- _DIRECTIONS FOR THIS TASK_: Take the line with "Στο βίντεο η" and every line after it in the entries below, and set them down exactly, without any pictures.

*** Opening of INPUT RECORDS ***

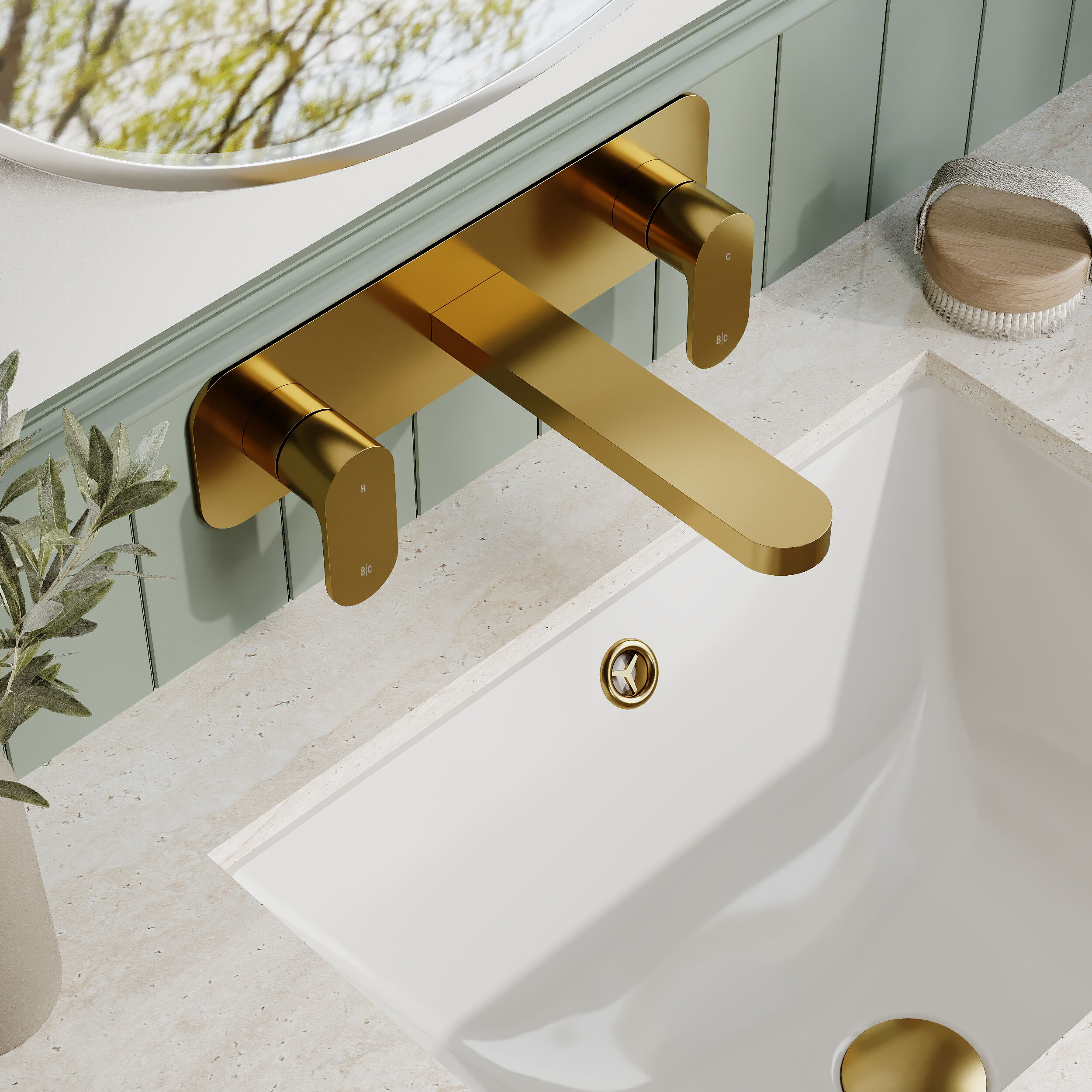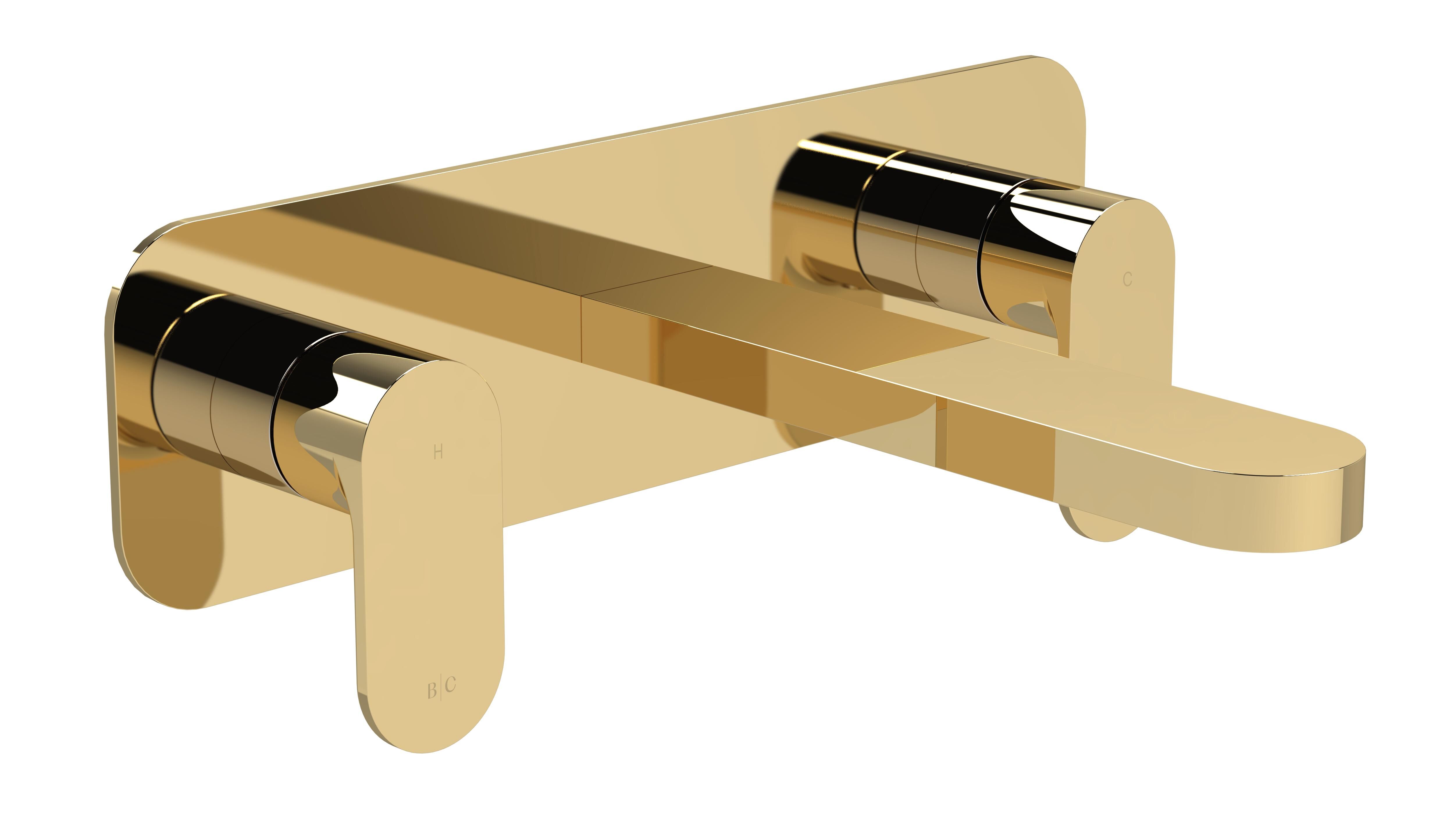 BC Designs Chelmsford Wall Mounted 3 Tap Hole Basin Mixer With Plate - Gold
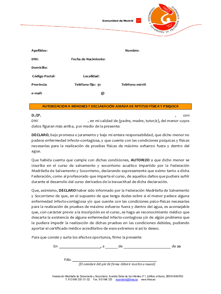 Obtener el gratis AUTORIZACION A MENORES Y DECLARACIN JURADA DE APTITUD FSICA Y PSIQUICA
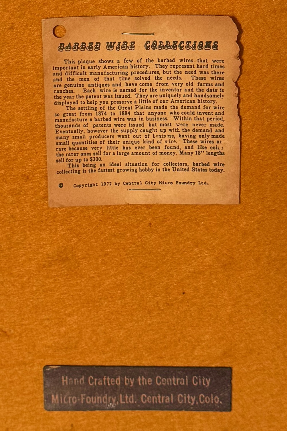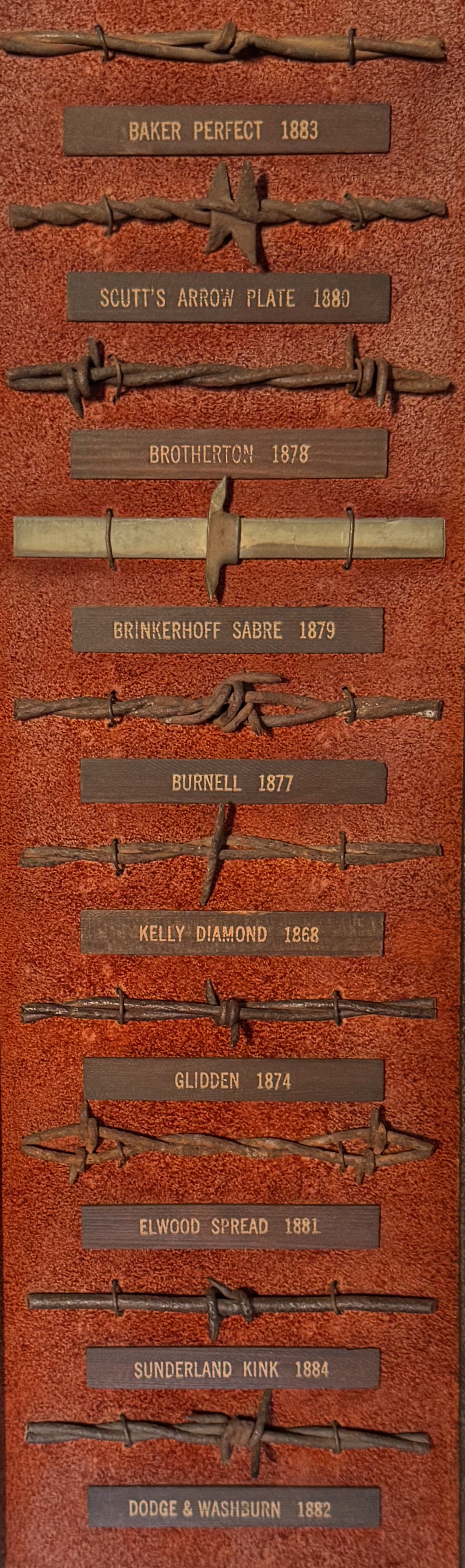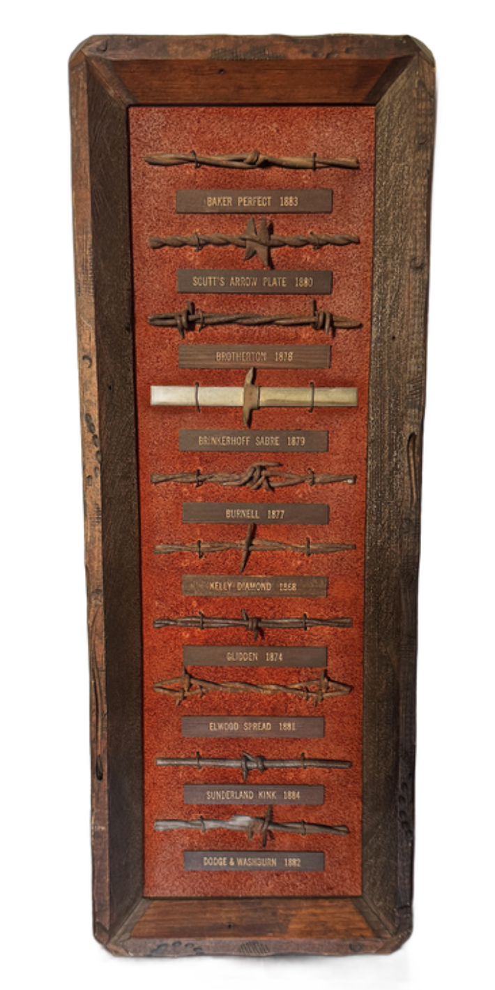 Devils Rope: A remarkable collection of ten antique, rare barbed wires, carefully mounted on leather and framed in one handcrafted folk art wooden frame. Each wire displays its unique patent date, showcasing the ingenuity of the 1800s in the United States. This rare and spectacular collection represents a piece of history, highlighting the evolution of barbed wire manufacturing. Approximate dimensions: 18" x 6 3/4”. A perfect addition for collectors or history enthusiasts! Barbed wire, often called "Devil's Rope," has been a vital tool since its invention in the 19th century. In the 1800s, it revolutionized land management by providing an affordable and efficient way to fence large tracts of land, especially on the open plains, enabling farmers and settlers to protect crops and livestock while transforming the American West. During the 1900s, barbed wire extended beyond agriculture, playing a significant role in military applications such as trench warfare during World War I and securing boundaries in prisons and industrial sites. Today, barbed wire remains a practical solution for fencing in rural areas, but it has also taken on symbolic and artistic significance, reflecting themes of confinement, protection, and historical ingenuity.
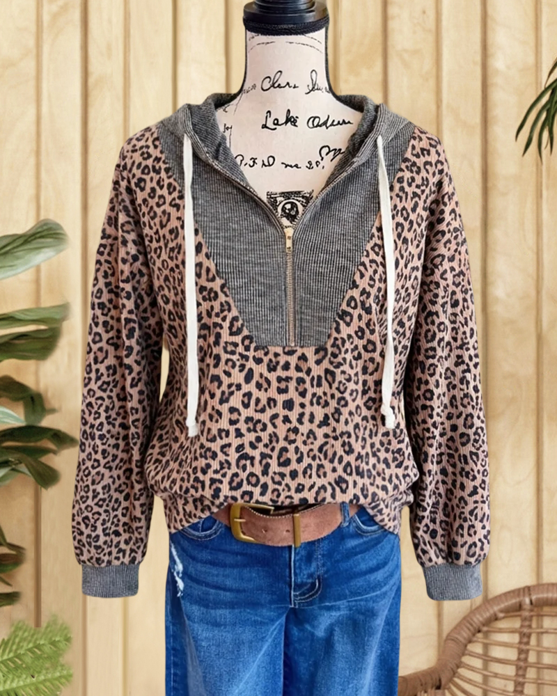 Leopard print hooded shirt with zipped design, perfect for casual everyday wear.
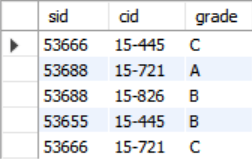 INSERT INTO enrolled VALUES (53655, '15-445', 'B');
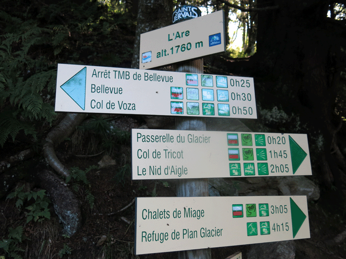 The hike from Les Houches at 1,010m to Col de Vosa at 1,653m is about 6 km and 650m of ascent; for those wanting to start the TMB on an easier footing there are three other ways of getting to Col de Vosa:-
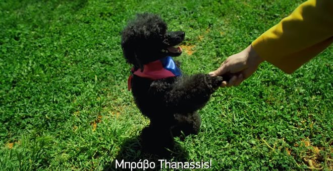 Στο βίντεο η Άνγκελα Μέρκελ δίνει εντολές στον Thanassis, έχοντάς τον κυριολεκτικά σήκω – σήκω, κάτσε – κάτσε (Τhanassis εδώ! Μπράβο Thanassis! Κάτσε! Σήκω! Φέρε λεφτά! Μπράβο! )
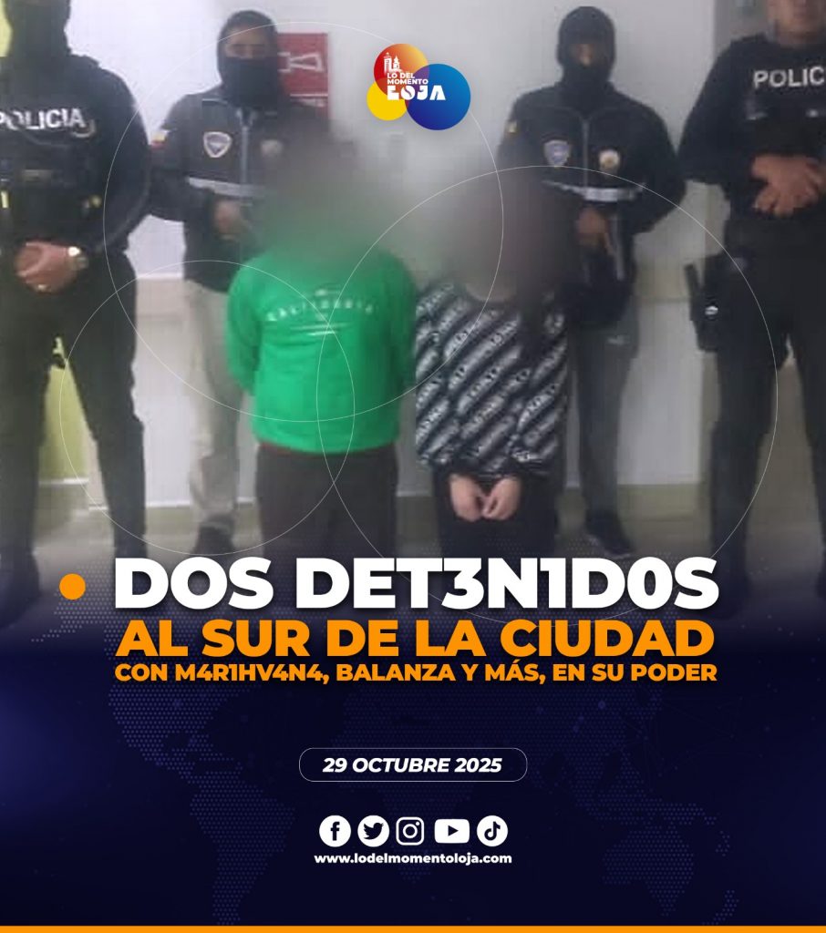 😱🚨🚔¡Dos detenidos! La Policía Nacional del Ecuador, a través de la Jefatura Antinarcóticos, aprehendió a dos personas en un operativo ejecutado en la ciudadela Esteban Godoy, al sur de Loja, por el presunto d3l1to de tráfico para consumo interno. En el allanamiento al inmueble donde residían, se lograron decomisar un total de 724 gramos de mar1hv4na, equivalente a unas 1.448 dosis, además de una balanza digital, un celular y materiales para el empaque.

*** Close of INPUT RECORDS ***

- _THE COMPLETED TASK_:
 Στο βίντεο η Άνγκελα Μέρκελ δίνει εντολές στον Thanassis, έχοντάς τον κυριολεκτικά σήκω – σήκω, κάτσε – κάτσε (Τhanassis εδώ! Μπράβο Thanassis! Κάτσε! Σήκω! Φέρε λεφτά! Μπράβο! )
 😱🚨🚔¡Dos detenidos! La Policía Nacional del Ecuador, a través de la Jefatura Antinarcóticos, aprehendió a dos personas en un operativo ejecutado en la ciudadela Esteban Godoy, al sur de Loja, por el presunto d3l1to de tráfico para consumo interno. En el allanamiento al inmueble donde residían, se lograron decomisar un total de 724 gramos de mar1hv4na, equivalente a unas 1.448 dosis, además de una balanza digital, un celular y materiales para el empaque.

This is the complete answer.